A breakthrough in synthetic biology has opened the door to a new way of treating incurable illnesses such as cancer and Ebola, and could shed light on the origins of life or even the possibility of extraterrestrial life on other planets.
For the first time, researchers have made synthetic enzymes – the vital ingredients needed for life – from artificial genetic material that does not exist outside the laboratory. The milestone could soon lead to new ways of developing drugs and medical treatments.
The findings are the latest in the field of synthetic biology, which attempts to create new biological molecules and even novel life-forms capable of carrying out a range of important medical and industrial functions, from manufacturing pharmaceuticals to detoxifying polluted land.
“Synthetic biology is delivering some truly amazing advances that promise to change the way we understand and treat disease,” said Professor Peter Maxwell, chair of the cellular medicine board of the Medical Research Council (MRC), which funded the study.
“The UK excels in this field and this latest advance offers the tantalising prospect of using designer biological parts as a starting point for an entirely new class of therapies and diagnostic tools that are more effective and have a longer shelf-life,” Professor Maxwell said.
The discovery, by scientists at the MRC Laboratory of Molecular Biology in Cambridge, also widens the scope for finding extraterrestrial life-forms on other planets based on completely different biochemistry to that used by life on Earth.
“When we look for life elsewhere, either in the Solar System or on exoplanets beyond, this discovery means that we may have to widen the boundaries of the conditions where we think life may exist,” said Philipp Holliger, who led the MRC research team.
“It expands the chemical range that one can envisage life living in. It would potentially widen the number of exoplanets that one could consider would be hospitable for some form of life,” Dr Holliger said.
Alex Taylor, the lead author of the study, said: “The [discovery] raises the possibility that, if there is life on other planets, it may have sprung up from an entirely different set of molecules, and it widens the possible number of planets that might be able to host life.”
The synthetic enzymes were able to cut and paste pieces of artificial genetic material known as “XNA”, which does not exist in nature. XNA is able to store and replicate genetic information, just like its two natural equivalents DNA and RNA, and was synthesise in Dr Holliger’s lab three years ago.
The enzymes were themselves made from folded strands of XNA molecules. This extra enzymatic property of the artificial genetic material mimics the natural RNA enzymes found in many organisms, including humans, the scientists said.

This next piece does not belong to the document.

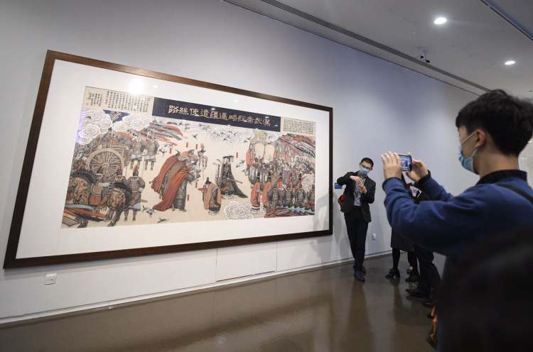 “美丽丝路”“美好家园”“美美与共”三个篇章串起了整个展览,艺术作品生动体现出“和平合作、开放包容、互学互鉴、互利共赢”为核心的丝路精神。

“Until recently, it was thought that DNA and RNA were the only molecules that could store genetic information and, together with proteins, the only biomolecules able to form enzymes,” Dr Holliger said.
“Our work suggests that, in principle, there are a number of possible alternatives to nature’s molecules that will support the catalytic processes required for life. Life’s ‘choice’ of RNA and DNA may just be an accident of prehistory chemistry,” he said.
The “XNAzymes” carried out simple enzymatic reactions like cutting and joining RNA strands in a test tube. They were also able to join XNA strands together, which represents one of the first steps in creating a replicating biological system, Dr Holliger said.
The technology could be developed to make drugs that can block cancer-causing genes or bind to the RNA of viruses such as Ebola or HIV.
“It may be possible to design therapeutic XNA molecules that can cleave to an oncogene [cancer gene] or to viral RNA, and because XNA does not exist in nature it will not be broken down quite so fast as DNA or RNA which means it will work for longer,” Dr Holliger said.
“Our XNAs are chemically extremely robust and, because they do not occur in nature, they are not recognised by the body’s natural degrading enzymes. This might make them an attractive candidate for long-lasting treatments that can disrupt disease-related RNA,” he said.